My family got a dishwasher when we moved into a house that had one, in 1973. Before this, my parents did not  make my brother and I wash or dry the dishes after dinner, reasoning that it was faster, cheaper and easier on everyone if they did not. But we were all still thrilled to have a dishwasher. I'm pretty sure my mother bought the house for that alone. And dishwashers were not a ubiquitous thing in 1973; our Harvest Gold specimen was still worthy of note at that time. Consumer goods changed quickly in the 70s, and pretty soon dishwashers were standard. 
And I grew up in a house with a dishwasher and took it totally for granted.

The Mister did not grow up in a house with a dishwasher, and our first house when we got married did not have a dishwasher, either. You see where this is going?

The Mister and I didn't live together before we were married, and despite knowing each other for 10 years by the time we tied the knot, and having spent countless hours in each other's company, there were still a few surprises for us when we actually shared the same living space. Like, the fact, that I use about 40 spoons to cook a dinner, and we each use 120 glasses every damn day, and the Mister doesn't actually put anything in the sink, he just likes to arrange the used dishes jauntily around the edge, so that when someone want to use the sink she has to navigate around the obstacles, lest everything go crashing and breaking into said sink. We lived in that house for 4 years, and although I got used to only using 20 spoons to make the dinner, the lack of a dishwasher was always a bone of contention. (Believe me, I tried to figure out a way to put a dishwasher in that kitchen, but it was impossible. The only place to put it was bang in the middle of the room, which  meant jumping over it to get to the bathroom.) 

We had very different ideas of how to deal with the plethora of dishes, particularly baby bottles, that a family generates through the day: I thought that we should wash them as we go, having a drying rack constantly sitting beside the sink, taking up valuable counter space. The Mister would rather keep one of our two sinks with a few inches of water in it all the time, so that you could put things in it "to soak", which meant that, sooner or later, someone was going to have to put their hand into that grey, cold, yucky water to pull the plug out and wash the dishes. It was an ongoing battle, and I can assure you, for two grown people with jobs and morgages and responsible lives, we were shamefully childish about who that someone was going to be. 

The house we live in now came with a dishwasher. I nearly cried with gratitude when we first came though the place. That and the en suite bathroom meant that I didn't care if it came with a roof, we were going to buy this house.

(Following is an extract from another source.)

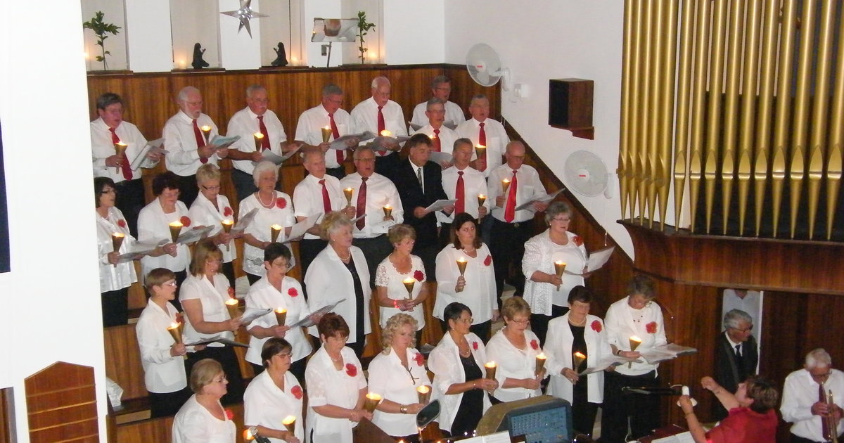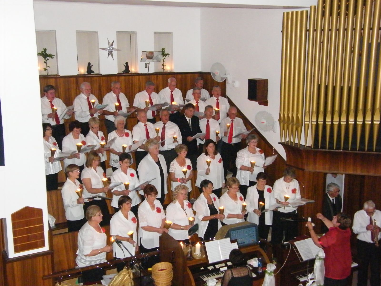Aletta Lochner, koorleidster/-dirigent en haar Koorkomitee se reëlings was puik en die verrigtinge het uitstekend verloop. Die Kerssangdiens het uit hartlike samesang, asook optredes deur 4 kore plaasgevind.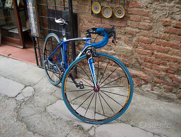 Bici da corsa Cinelli, modello Saetta telaio in carbonio, freni, cambio, guarnitura, sella, portaborraccia, sono tutti in carbonio, pesa 6,7 kg, telaio piccolo misura s, adatta a donne e ragazze o uomini non alti di statura. il prezzo di qualche anno fa era di cica 5.000 euro. la bici e come nuova ha percorso solo 300/400 km.

Now the battle about the dishwasher revolves about loading it. The Mister has demonstrated a unique and masterful proficiency in loading the dishwasher; he can fit in approximately 150% more dishes than the rest of us. We think the dishwasher is full and ready to be turned on, and the Mister gets at it and there is an entire empty rack when he is done. I tell you, as Fairly Mild Super Powers go, it's a beauty. 
The problem is (for him, anyway) that now we all know how good he is at it, and we hardly bother any more. The girls and I fling in dishes willy-nilly, secure in the knowledge that the Mister will come along and make everything peachy keen again. The Mister isn't a fan of this system, obviously, but his attempts to teach us how to load the dishwasher have thus far proved fruitless. We simply don't have the talent. (Or, lets be honest, the interest.) 

The Mister likes to run the dishwasher late at night, when the water and electricity rates are cheaper, which means that I wake up in the morning to a dishwasher full of clean dishes (YAY!) that has to be emptied, (BOO!) This is a First World Problem of the first order, because I timed myself once and it took me 10 minutes to empty the dishwasher. Ten whole minutes. (I'm such a whiner...can you imagine explaining to your great-grandmother what a chore it is to put the clean dishes away that you didn't have to clean yourself??She would, rightly, slap you.)

I'm hope that there are siblings and marriages and all kinds of relationships that have been saved by the advent of the dishwasher. I'm pretty sure mine is one of them.